**Activity**
Skip the pictures. Transcribe the rest of the data below without changing a word.

**Provided data**
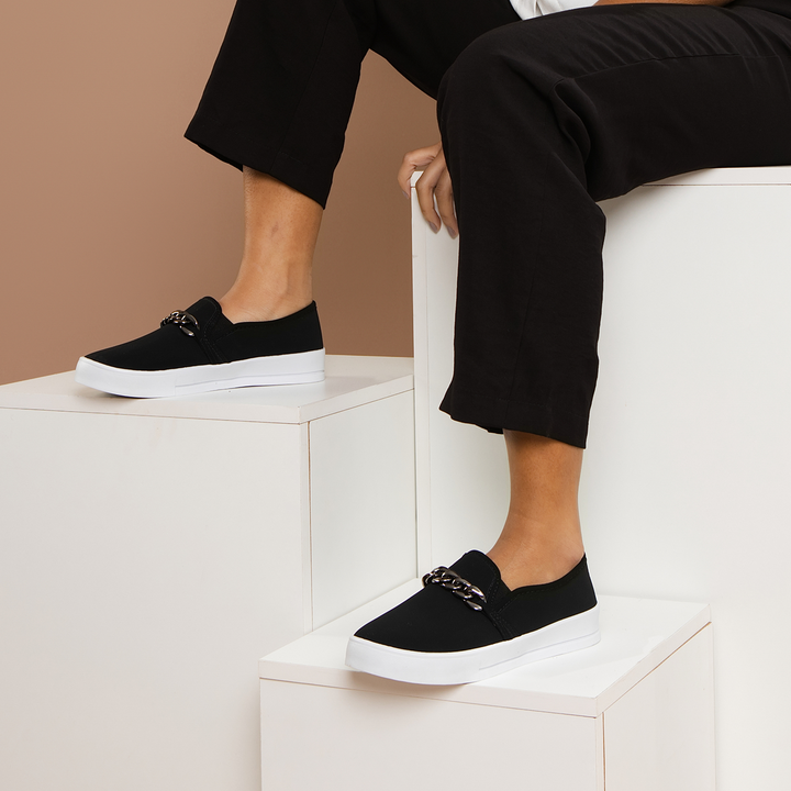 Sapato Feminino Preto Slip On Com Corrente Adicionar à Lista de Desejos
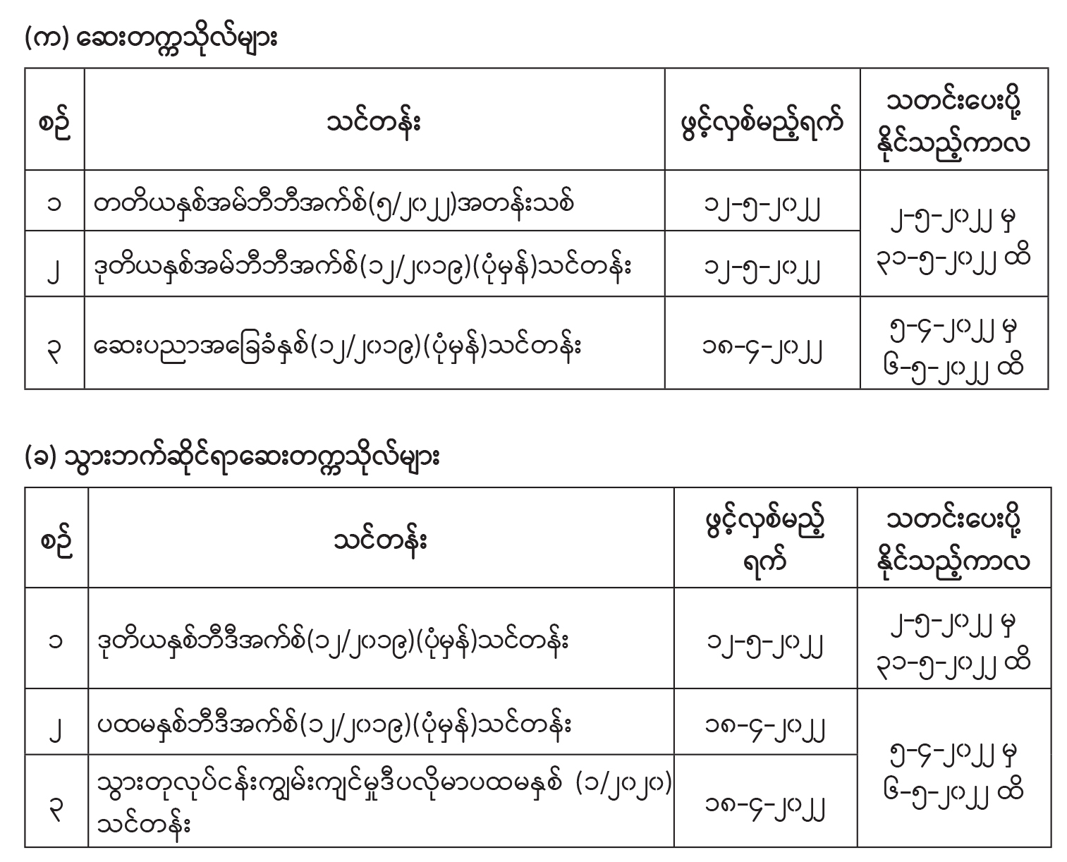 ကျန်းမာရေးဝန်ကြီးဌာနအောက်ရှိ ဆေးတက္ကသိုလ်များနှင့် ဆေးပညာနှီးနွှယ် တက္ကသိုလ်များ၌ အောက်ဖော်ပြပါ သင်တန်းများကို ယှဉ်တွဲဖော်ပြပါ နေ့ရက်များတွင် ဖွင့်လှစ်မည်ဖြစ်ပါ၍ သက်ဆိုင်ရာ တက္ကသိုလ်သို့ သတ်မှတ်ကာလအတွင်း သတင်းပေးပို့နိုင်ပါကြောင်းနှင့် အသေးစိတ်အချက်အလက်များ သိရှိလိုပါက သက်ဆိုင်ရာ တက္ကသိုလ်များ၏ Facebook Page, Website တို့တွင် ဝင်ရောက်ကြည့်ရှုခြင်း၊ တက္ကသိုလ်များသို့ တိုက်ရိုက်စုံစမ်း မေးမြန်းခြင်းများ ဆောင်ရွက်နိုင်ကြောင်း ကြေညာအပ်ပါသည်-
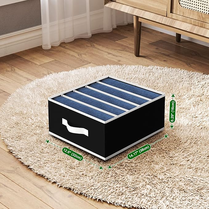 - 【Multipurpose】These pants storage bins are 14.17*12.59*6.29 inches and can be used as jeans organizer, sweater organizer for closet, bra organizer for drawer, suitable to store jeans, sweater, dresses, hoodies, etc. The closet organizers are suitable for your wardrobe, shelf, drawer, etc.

**Answer section**
 Sapato Feminino Preto Slip On Com Corrente Adicionar à Lista de Desejos
 ကျန်းမာရေးဝန်ကြီးဌာနအောက်ရှိ ဆေးတက္ကသိုလ်များနှင့် ဆေးပညာနှီးနွှယ် တက္ကသိုလ်များ၌ အောက်ဖော်ပြပါ သင်တန်းများကို ယှဉ်တွဲဖော်ပြပါ နေ့ရက်များတွင် ဖွင့်လှစ်မည်ဖြစ်ပါ၍ သက်ဆိုင်ရာ တက္ကသိုလ်သို့ သတ်မှတ်ကာလအတွင်း သတင်းပေးပို့နိုင်ပါကြောင်းနှင့် အသေးစိတ်အချက်အလက်များ သိရှိလိုပါက သက်ဆိုင်ရာ တက္ကသိုလ်များ၏ Facebook Page, Website တို့တွင် ဝင်ရောက်ကြည့်ရှုခြင်း၊ တက္ကသိုလ်များသို့ တိုက်ရိုက်စုံစမ်း မေးမြန်းခြင်းများ ဆောင်ရွက်နိုင်ကြောင်း ကြေညာအပ်ပါသည်-
 - 【Multipurpose】These pants storage bins are 14.17*12.59*6.29 inches and can be used as jeans organizer, sweater organizer for closet, bra organizer for drawer, suitable to store jeans, sweater, dresses, hoodies, etc. The closet organizers are suitable for your wardrobe, shelf, drawer, etc.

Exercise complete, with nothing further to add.